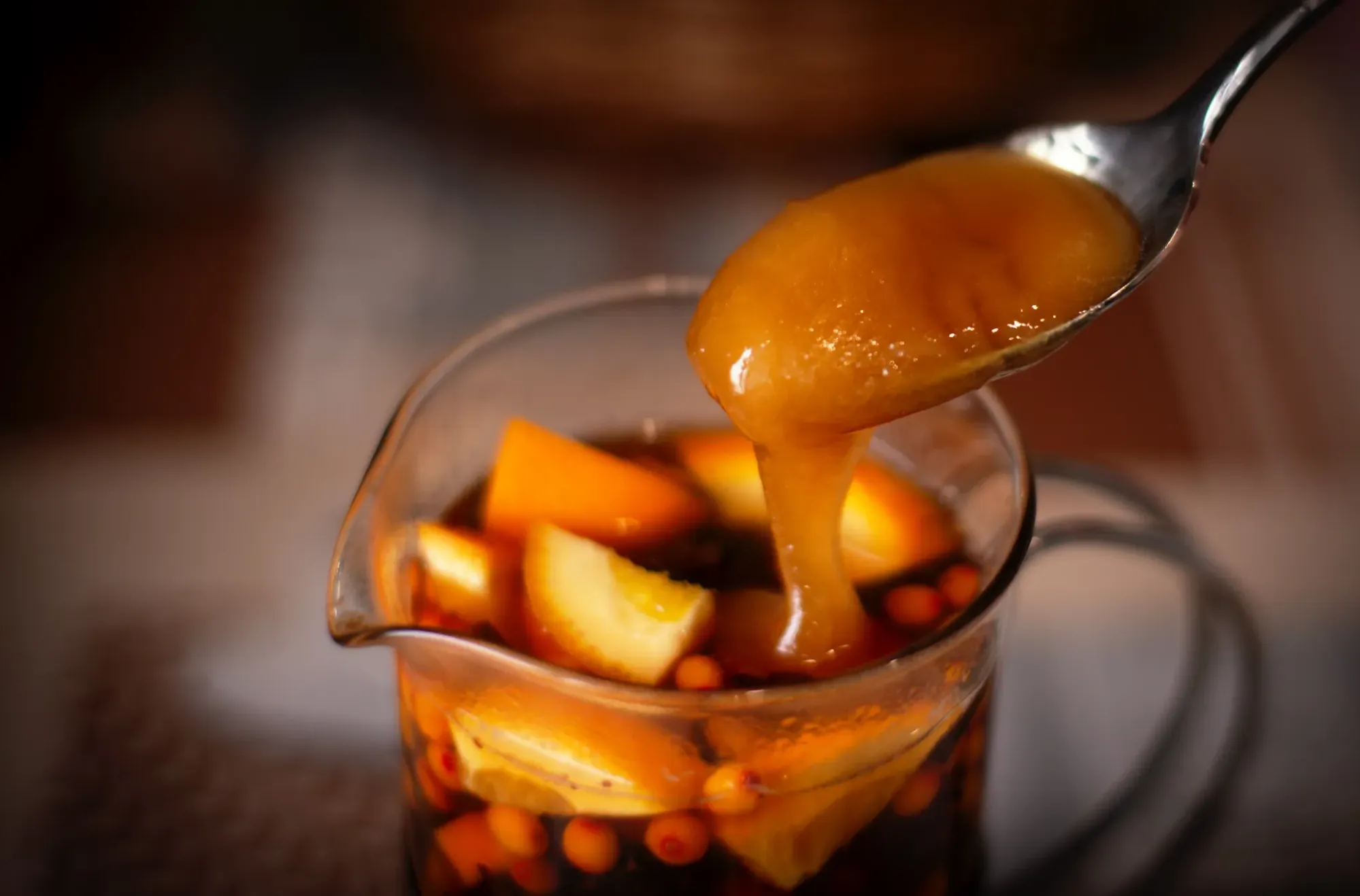 Добавляем ложку мёда. Конечно при попадании в жидкость высокой температурой, мёд все свои целебные свойства потеряет. Но сейчас он нам нужен только для сладости и аромата. Потом можно и вприкуску покушать.
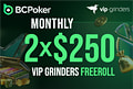 - Monthly freerolls worth thousands in added value, reserved exclusively for VIP-Grinders players.
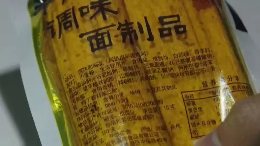 記者隨機購買了四袋“五毛錢辣條”,外包裝顯示,食品配料一欄都以面粉、小麥粉為主,而食品添加劑一覽卻都是寫滿了四五行,少的九種,多的竟然高達十五種。專家介紹,市面上生產(chǎn)的不正規(guī)辣條大多出自小作坊,著色劑濫用,甜蜜素、糖精鈉、山梨酸及鉀鹽等添加劑也超標嚴重,所謂的“好吃”、“上癮”,只是味精、色素和食品添加劑在起作用。
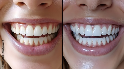 A glowing review from a teeth whitening patient, with before-and-after images illustrating the shift from yellowed teeth to a flawless, pearly white smile
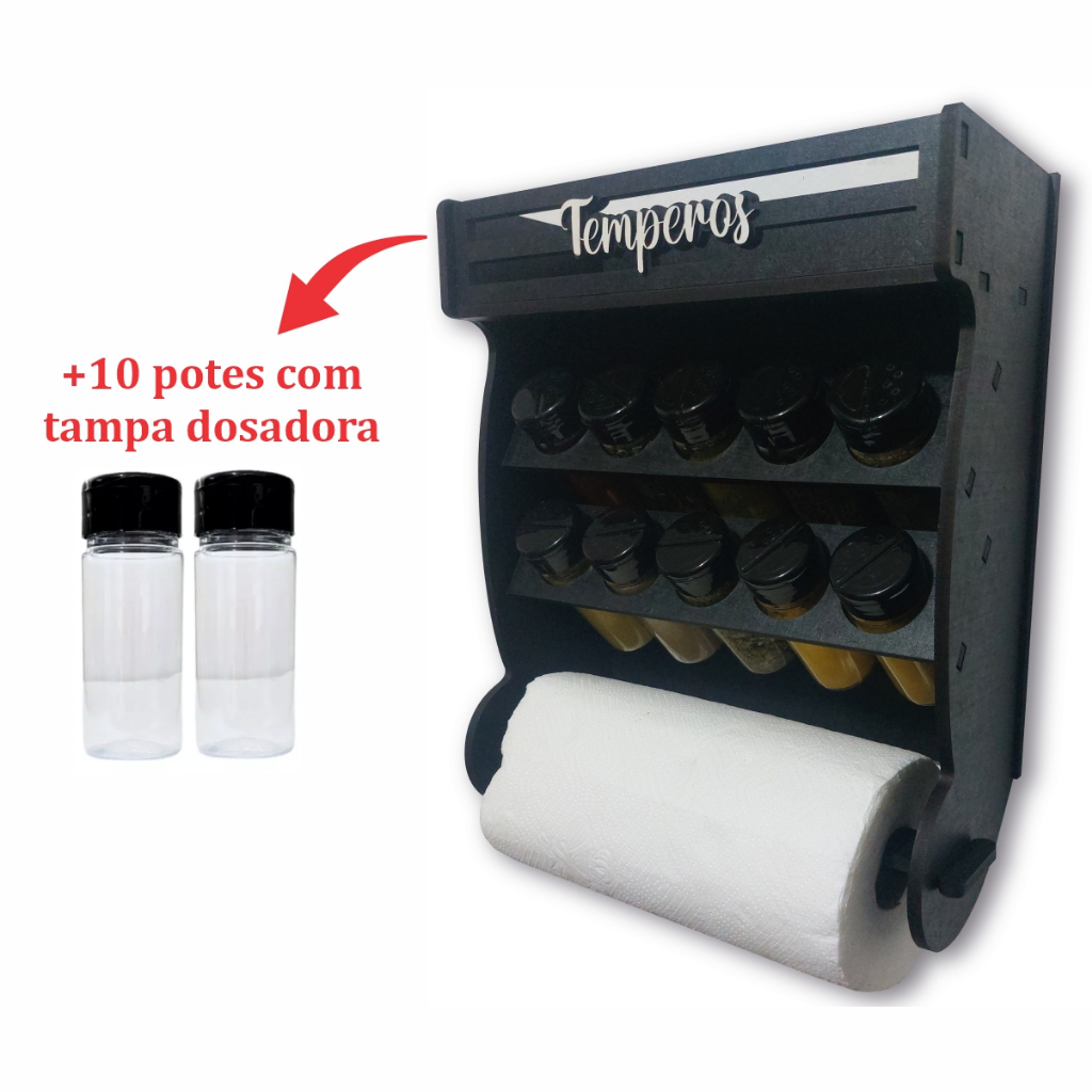 Porta Temperos com Local Para Colocar Potes + Kit 10 Potes de Tempero.
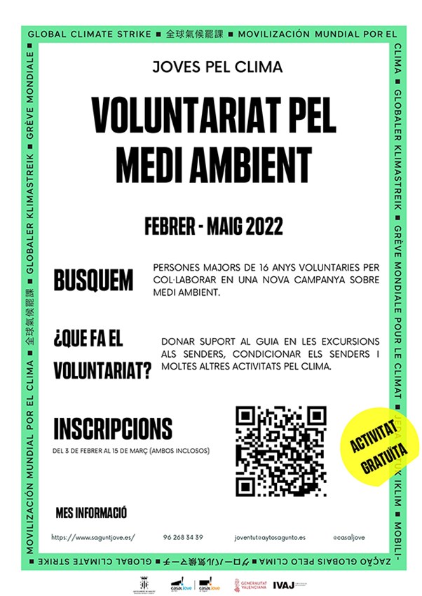 La Regidoria de Joventut i Infància de l'Ajuntament de Sagunt ha obert les inscripcions per al programa de voluntariat pel clima a totes les persones majors de 16 anys que desitgen participar en la iniciativa.
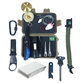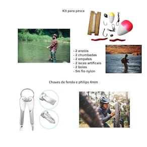 Kit De Sobrevivência Emergência Trilha Pesca Camping Bússola Este kit de sobrevivência é essencial para qualquer campista ou trilheiro, pois pode fazer a diferença em situações de emergência. Aqui estão os itens contidos neste kit: - afiado com 16cm de comprimento - Pederneira com raspador - Lençol térmico - Bússola - Pulseira paracord, com apito, mini-pederneira e mini-faca - Lanterna com carregameto via USB carregar antes do uso - Jogo de chave philips e fenda - kit pesca 2x anzol, chumbada, empate, boia, isca artificial e 5m de fio de nylon - Prendedor de garrafa no cinto - Caixa plástica hermético medindo 17x11x5cm - Patch da bandeira do Brasil 1cm que pode ser fixada em roupa aquecendo com ferro de passar roupa Marca: Não Informado
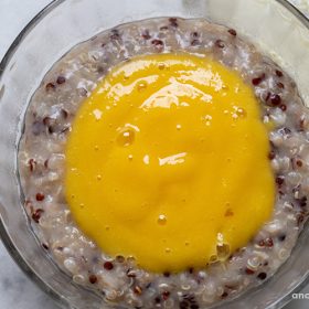 Cho cháo ra bát sau đó cho xoài xay lên trên, trước khi ăn đảo đều sẽ rất ngon.
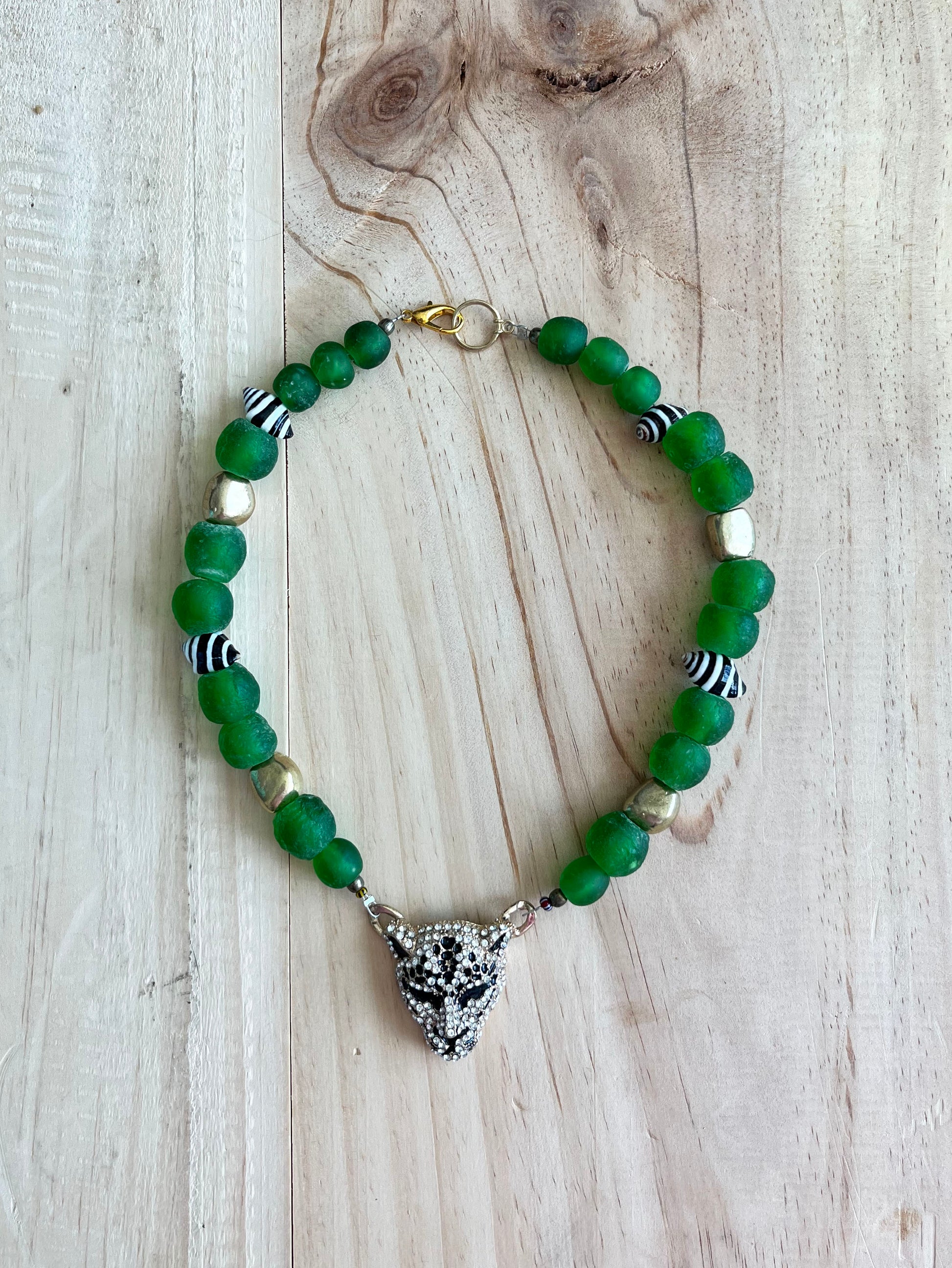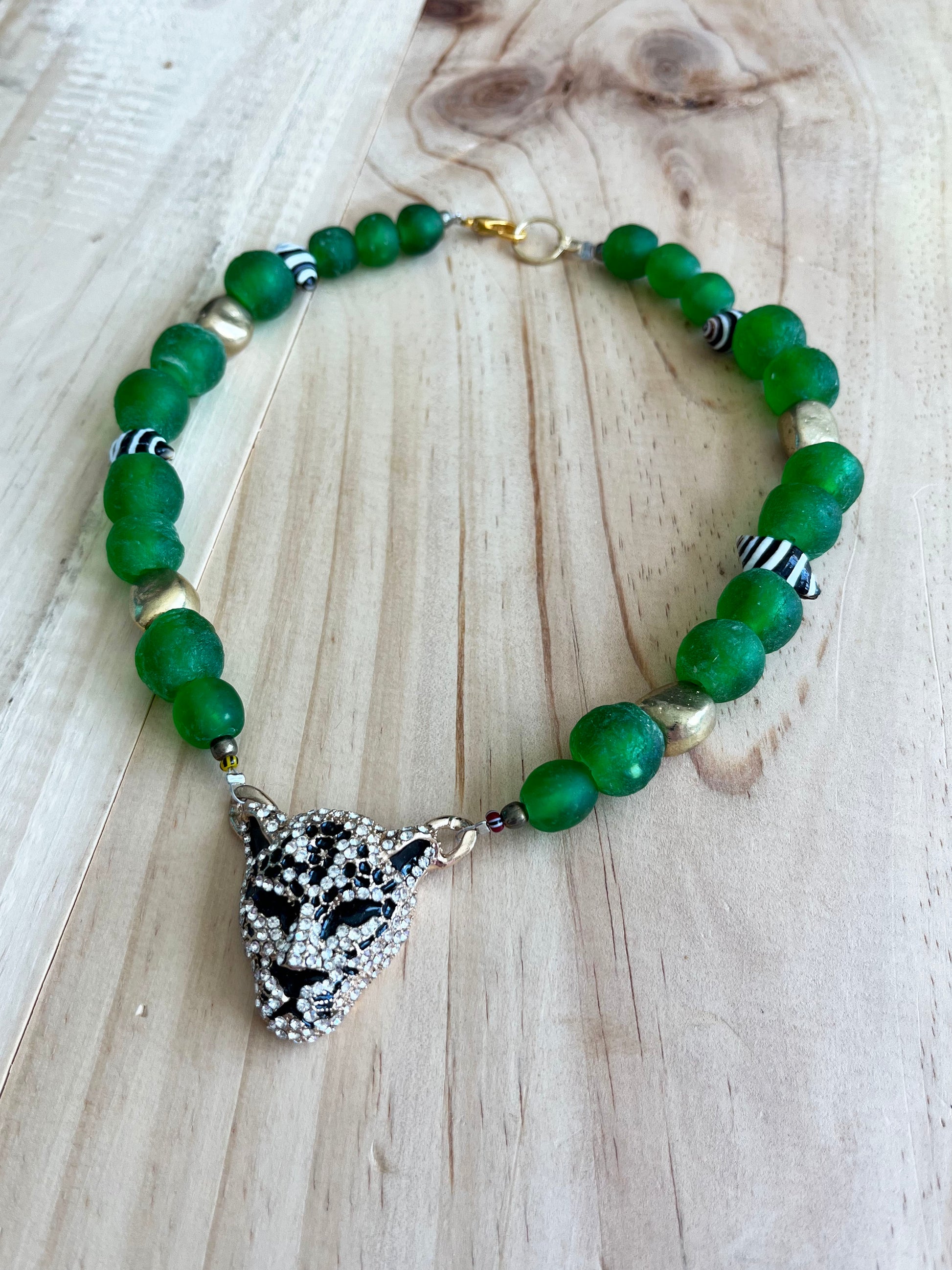 Our Jaguar Necklace features a selection of beautiful emerald green recycled glass beads with a upcycled Jaguar pendant and zebra seashells, each component tells a story of environmental mindfulness while embracing the opulence of South Florida's iconic style.
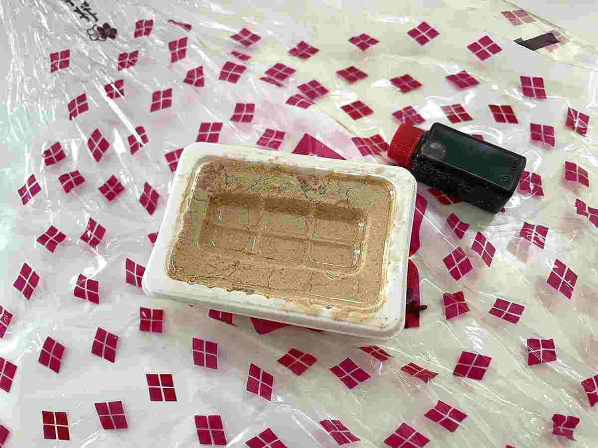 1.風呂敷を開き、容器を逆さまにして、お餅ときな粉を風呂敷に出す

_Instructions for the task_
The output must match the records word for word, except that no pictures appear.

_Solution to this problem_
 Добавляем ложку мёда. Конечно при попадании в жидкость высокой температурой, мёд все свои целебные свойства потеряет. Но сейчас он нам нужен только для сладости и аромата. Потом можно и вприкуску покушать.
 - Monthly freerolls worth thousands in added value, reserved exclusively for VIP-Grinders players.
 記者隨機購買了四袋“五毛錢辣條”,外包裝顯示,食品配料一欄都以面粉、小麥粉為主,而食品添加劑一覽卻都是寫滿了四五行,少的九種,多的竟然高達十五種。專家介紹,市面上生產(chǎn)的不正規(guī)辣條大多出自小作坊,著色劑濫用,甜蜜素、糖精鈉、山梨酸及鉀鹽等添加劑也超標嚴重,所謂的“好吃”、“上癮”,只是味精、色素和食品添加劑在起作用。
 A glowing review from a teeth whitening patient, with before-and-after images illustrating the shift from yellowed teeth to a flawless, pearly white smile
 Porta Temperos com Local Para Colocar Potes + Kit 10 Potes de Tempero.
 La Regidoria de Joventut i Infància de l'Ajuntament de Sagunt ha obert les inscripcions per al programa de voluntariat pel clima a totes les persones majors de 16 anys que desitgen participar en la iniciativa.
 Kit De Sobrevivência Emergência Trilha Pesca Camping Bússola Este kit de sobrevivência é essencial para qualquer campista ou trilheiro, pois pode fazer a diferença em situações de emergência. Aqui estão os itens contidos neste kit: - afiado com 16cm de comprimento - Pederneira com raspador - Lençol térmico - Bússola - Pulseira paracord, com apito, mini-pederneira e mini-faca - Lanterna com carregameto via USB carregar antes do uso - Jogo de chave philips e fenda - kit pesca 2x anzol, chumbada, empate, boia, isca artificial e 5m de fio de nylon - Prendedor de garrafa no cinto - Caixa plástica hermético medindo 17x11x5cm - Patch da bandeira do Brasil 1cm que pode ser fixada em roupa aquecendo com ferro de passar roupa Marca: Não Informado
 Cho cháo ra bát sau đó cho xoài xay lên trên, trước khi ăn đảo đều sẽ rất ngon.
 Our Jaguar Necklace features a selection of beautiful emerald green recycled glass beads with a upcycled Jaguar pendant and zebra seashells, each component tells a story of environmental mindfulness while embracing the opulence of South Florida's iconic style.
 1.風呂敷を開き、容器を逆さまにして、お餅ときな粉を風呂敷に出す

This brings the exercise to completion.